Control VM device connections

As described previously, any device can represent a potential attack channel, and a good practice is to remove or disable unnecessary devices.

Using VMware Tools, it's possible to connect or disconnect devices, potentially causing a DoS, but this feature is disabled by default. For more information, see the vSphere 6.5 Security Guide (https://docs.vmware.com/en/VMware-vSphere/6.5/com.vmware.vsphere.security.doc/GUID-F88A5FED-552B-44F9-A168-C62D9306DBD6.html).

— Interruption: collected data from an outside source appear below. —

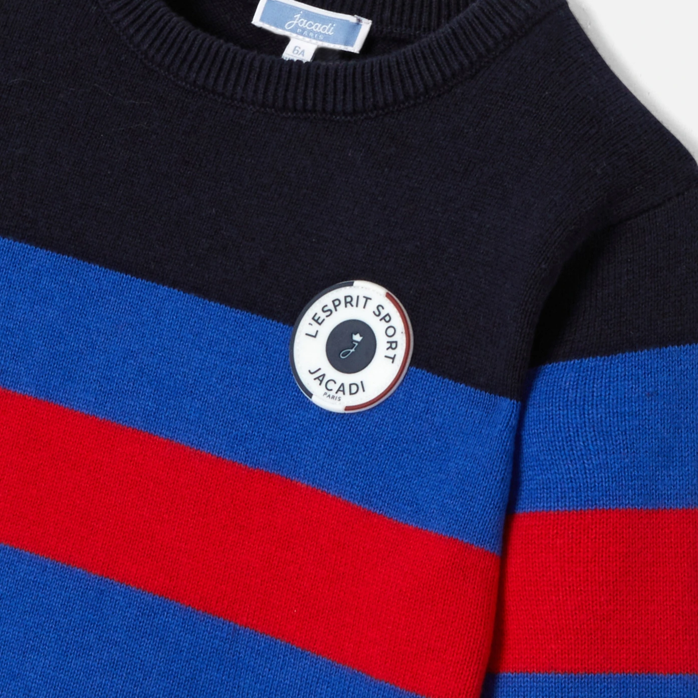 Tento chlapecký svetřík zdobí široké pruhy ve vícebarevném stylu. Jde o základní kousek každého šatníku v udržitelném provedení z organické bavlny a ekologické vlny. Oblíbený bude zejména pro městské nošení. Hezky bude ladit s ohrnutými kalhotami a teniskami pro okouzlující školní styl.- Organická bavlna a ekologická vlna- Vícebarevné pruhy- Logo Jacadi na hrudi
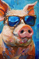 Details: varken, zonnebril, blauw, bruin, roze, humor, kleurrijk, modern, dier, reflectie
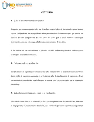 Este documento resume los conceptos fundamentales relacionados con la transmisión de datos y señales. Define datos, señales, señalización y transmisión de datos, explicando la diferencia entre transmisión analógica y digital. También describe características de señales análogas y digitales, así como conceptos como amplitud, frecuencia, periodo, fase y longitud de onda. Explica espectro, ancho de banda, modulación, codificación, multiplexación y sus diferentes técnicas.
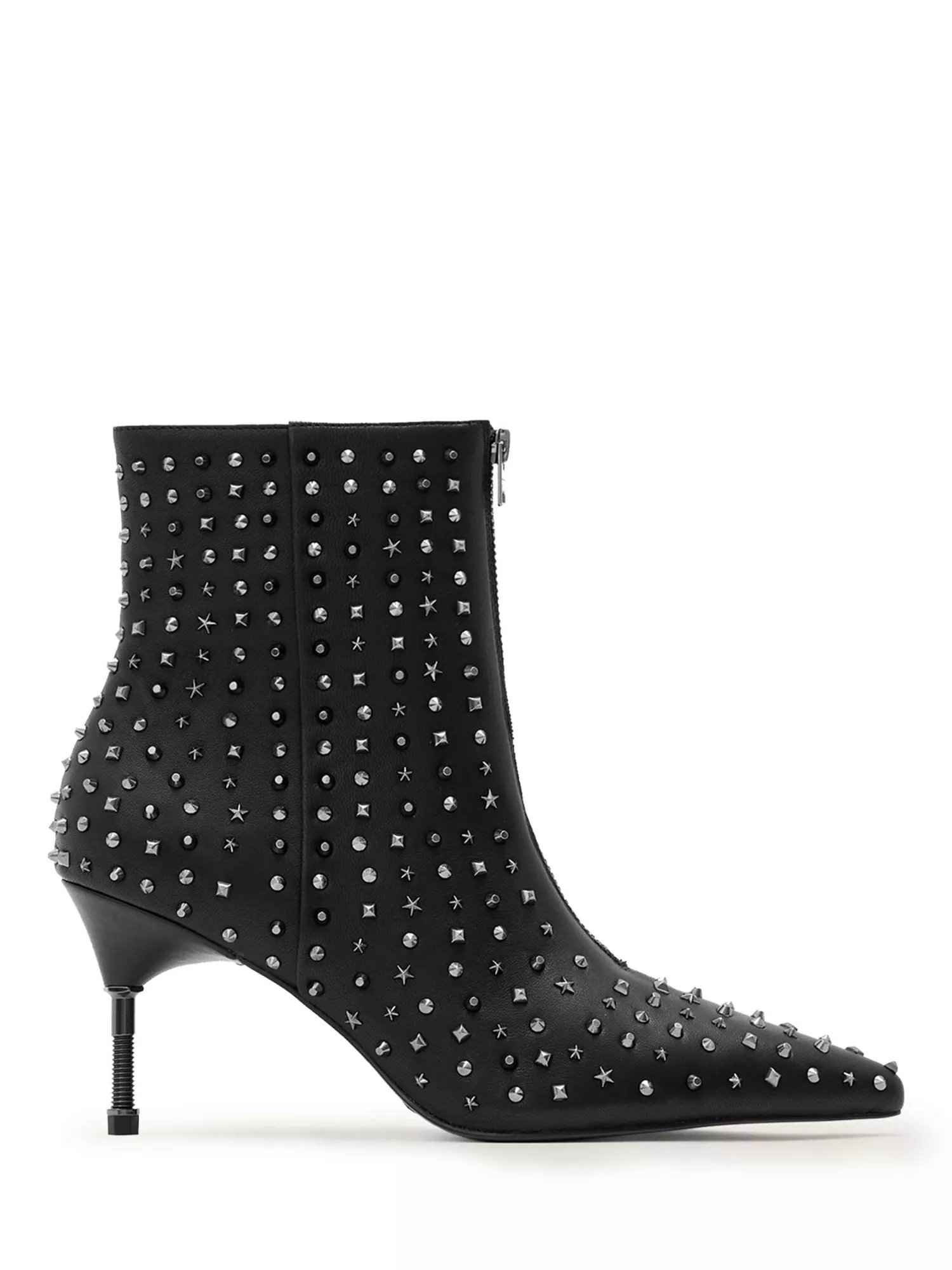 AllSaints ankle boots crafted from soft sheep leather with metallic stud embellishments and a striking kitten heel. The pointed toe and smart zip fastening keep your look sharp.
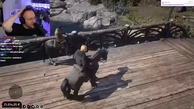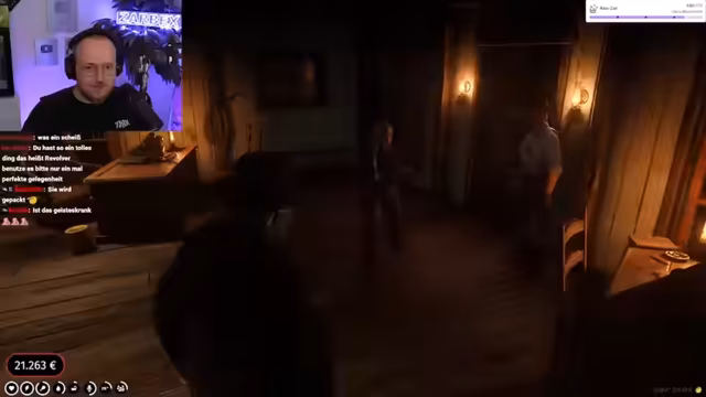 05:13:42Im Rollenspiel taucht der Streamer in verschiedene Charaktere und Dialoge ein. Er trifft auf andere Figuren wie Mr. Cockburn und Senor Valen, wobei humorvolle Konfrontationen und Missverständnisse entstehen. Der Streamer zeigt sich begeistert von dem tiefen und detaillierten Rollenspiel-Erlebnis in der Westernwelt.
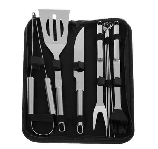 a készlet tartalmazza: kés, villa, spatula, ecset, fogó, 4 nyárs, tok;
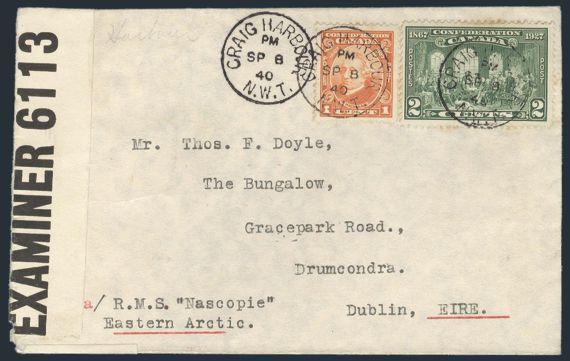 141-2, Tied by CRAIG HARBOUR, NWT 8 Sept 1940 CDS's on WWII cover to Dublin, Ireland. Has censor tape at left. Nice blue oval EASTERN ARCTIC / MAIL / SERVICE/ R.M.S. Nascopie b/s (last day of postal service at Craig Harbour). F-VF (Image)

Note that VMware provides some devices that are hot-pluggable (such as the virtual NIC). In this case, users and processes with local guest OS privileges (root or administrator) can disconnect those types of devices from the OS. For more information, see KB 1012225 (https://kb.vmware.com/s/article/1012225)—Disabling the HotAdd/HotPlug capability in ESXi 6.x, 5.x and ESXi/ESX 4.x VMs.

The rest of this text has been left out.